→ What you should do:
Repeat everything in the data exactly except images.

→ Dataset section:
--- START ---

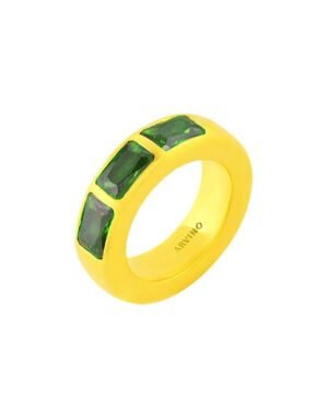 The Modern Mosaic Ring Green showcases a striking trio of rectangular bezel-set stones in vibrant shades of green. This
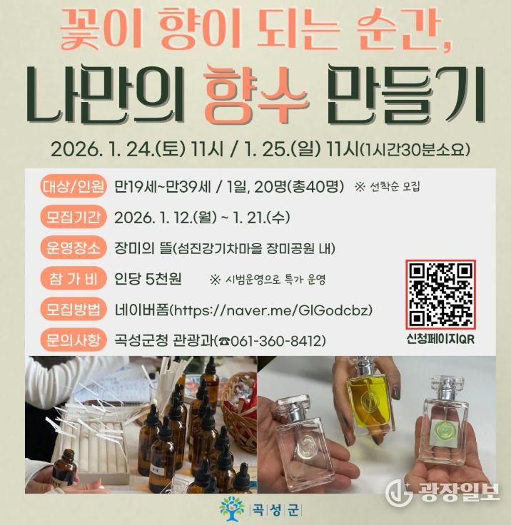 광장일보 주재영 기자 | 곡성군이 섬진강기차마을 장미공원 내 ‘장미의 뜰’(舊 공무도하)에서 오는 1월 24일부터 2월 1일까지 주말 4회에 걸쳐 ‘취향 맞춤형 향수 및 디퓨저 제작 체험’ 프로그램을 운영한다.
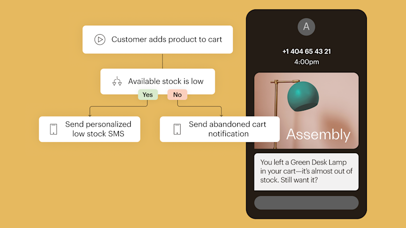Pull in real-time e-commerce data—like product names and links—to deliver personalized, timely messages.

--- END ---

→ Solution for this exercise:
 The Modern Mosaic Ring Green showcases a striking trio of rectangular bezel-set stones in vibrant shades of green. This
 광장일보 주재영 기자 | 곡성군이 섬진강기차마을 장미공원 내 ‘장미의 뜰’(舊 공무도하)에서 오는 1월 24일부터 2월 1일까지 주말 4회에 걸쳐 ‘취향 맞춤형 향수 및 디퓨저 제작 체험’ 프로그램을 운영한다.
Pull in real-time e-commerce data—like product names and links—to deliver personalized, timely messages.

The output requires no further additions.